Please note that this article originally published with a title and analysis indicating that "one-third of top 20 banking sites" were susceptible to clickjacking. After receving some feedback from a reader (see comment below) we re-checked our math and updated accordingly. We apologize for the error. |
Qualys researcher Dingjie Yang decided to look into the potential for clickjacking, which is a cyber-attack that tricks a web user into clicking a button, a link or a picture that he or she didn’t intend to click, typically by overlaying the web page with an iframe. He wrote short scripts to check whether web pages of the top 10 websites ranked by Alexa, top 20 bank websites and the Joomla, Wordpress, Phpbb, Drupal and Gallery open source web applications could be framed in his scripts. If his script could run and frame the web pages of the test targets successfully, it indicated that no countermeasures were deployed, and clickjacking was possible. The vulnerability turned out to be shockingly widespread.

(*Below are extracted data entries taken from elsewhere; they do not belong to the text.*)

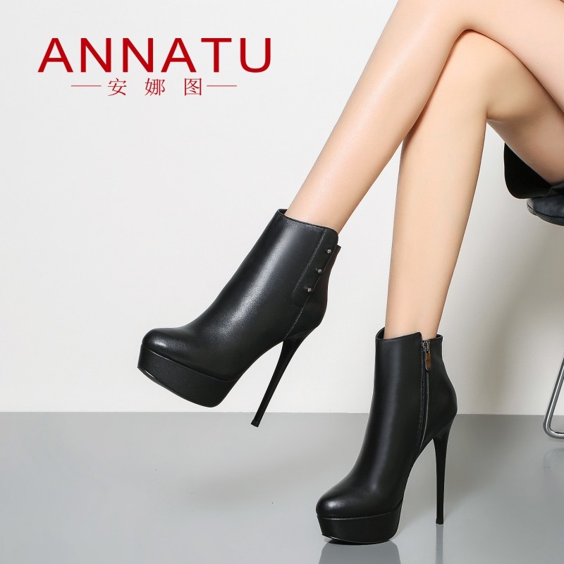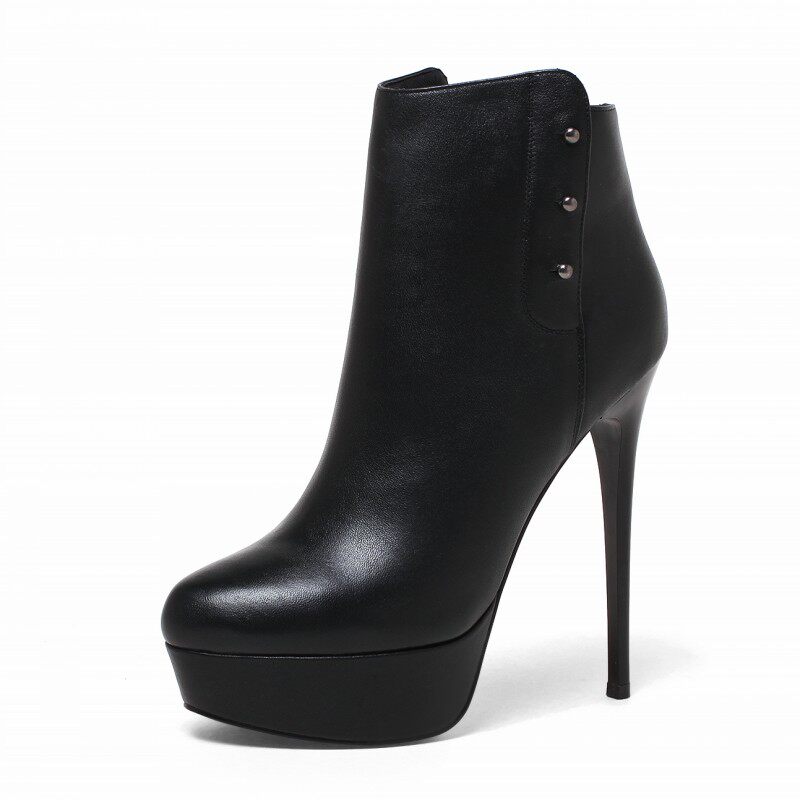 Кожаные ботинки на высоком каблуке, короткие сапоги, из натуральной кожи, воловья кожа, европейский стиль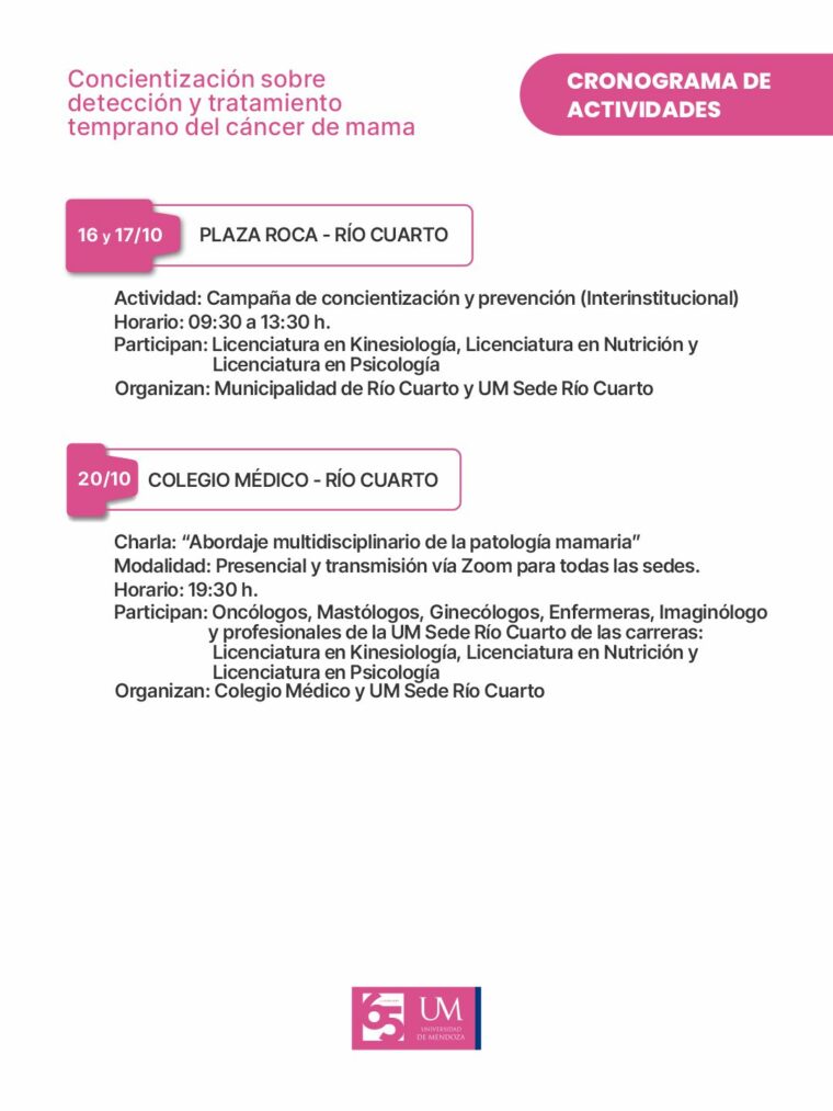 📅 Consultá el cronograma completo de actividades y sumate a las iniciativas que durante todo el mes de octubre invitan a vestirse de rosa por la prevención y la vida.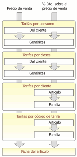 El programa le permite detallar precios y descuentos sobre ventas desde diferentes opciones. A la hora de proponer precios y descuentos por defecto, el programa busca en los ficheros y en el orden en que se representa en el siguiente diagrama, aplicando el precio y/o descuento que primero encuentra atendiendo a los siguientes criterios de selección :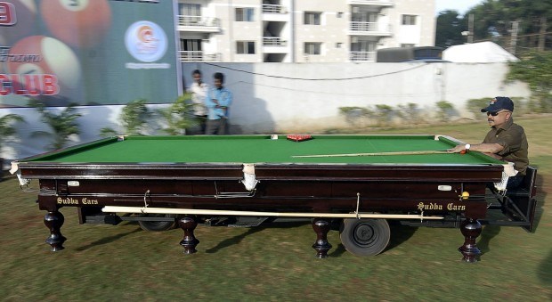 O designer indiano de automóveis Sudhakar Yadav guia o seu carro em forma de mesa de snooker. Com três rodas, atinge 45kkm/h. É melhor não jogar enquanto conduz... Na Índia. Krishnendu Halder/Reuters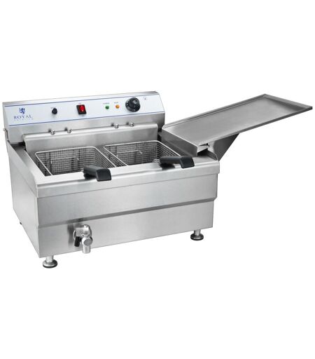 La friggitrice elettrica da 36 litri RCBG 30-2-B-STH della Royal Catering è stata concepita per un utilizzo professionale nel settore della gastronomia. Per fabbricarla viene utilizzato acciaio inox al 100%, facile da pulire e protetto dal rischio di corrosione. La resistenza da 9kW permette un riscaldamento rapido dell'olio ad alte temperature. Non appena viene raggiunta la temperatura desiderata, il termostato della friggitrice elettrica da 36 litri RCBG 30-2-B-STH ne garantisce il mantenimento costante. La friggitrice elettrica da 36 litri RCBG 30-2-B-STH è attrezzata ugualmente di un rubinetto di svuotamento che permette di svuotare l'olio nel massimo della semplicità. Il cestello misura 26,5x22x15 cm. La capacità massima d'olio è di 24 litri e lo strumento è equipaggiato di una zona fredda per consentire ai resti della frittura di depositarsi al fondo del vano senza bruciare. Questa friggitrice è particolarmente adatta per la cottura di churros, bigné, cosí come di polli interi! Acquistate la friggitrice elettrica da 36 litri RCBG 30-2-B-STH della Royal Catering e fate un affare! ...

“We’ve known about clickjacking, also called UI redress attacks, for years now, as they were originally described in 2008 by Robert Hansen and Jeremiah Grossman,” he said in his blog.
The threat is not minor: it can expose confidential information or even allow attackers to take control of the user’s computer. When a website is vulnerable to clickjacking, it is possible for the attacker to disable cross-site request forgery (CSRF) token protection, which guards against CSRF attacks that trick browsers into doing things without the user’s knowledge or permission.
“The clickjacking attacks on Facebook in 2010 showed that harm is done even by sending spam to everyone in your address book,” Yang explained.
In addition to a basic lack of awareness, Yang believes that the main reason why websites aren’t taking clickjacking seriously is because it’s hard to manipulate. “Some web developers consider clickjacking lower risk since it is harder to get sensitive information from an end-user, as compared with other attacks like XSS and SQL injection,” he said.
Also, he said that the only way that could completely prevent clickjacking attacks is to use a web browser like Lynx, which a pure text-based web browser that doesn’t support JavaScript. “Not only is Lynx outdated, but it's hard to imagine a modern web site user experience without the use of JavaScript,” he noted.
There are still some countermeasures that websites can implement to protect against clickjacking attacks, such as framebusters, the X-Frame Option and a few client-side plug-ins that can be installed in the browser. “Neither X-Frame Options nor framebusters have proven to be 100% effective, but they significantly reduce the risk of clickjacking,” he advised. “It is definitely worth implementing them into your websites if your websites are running without any protection against clickjacking attacks.”
A PayPal researcher also recently suggested a new way to thwart the threat. The mitigation technique, called “adaptive UI randomization,” combines randomized changes to UI elements with statistical analysis of first click success provided by screenshot comparison tools.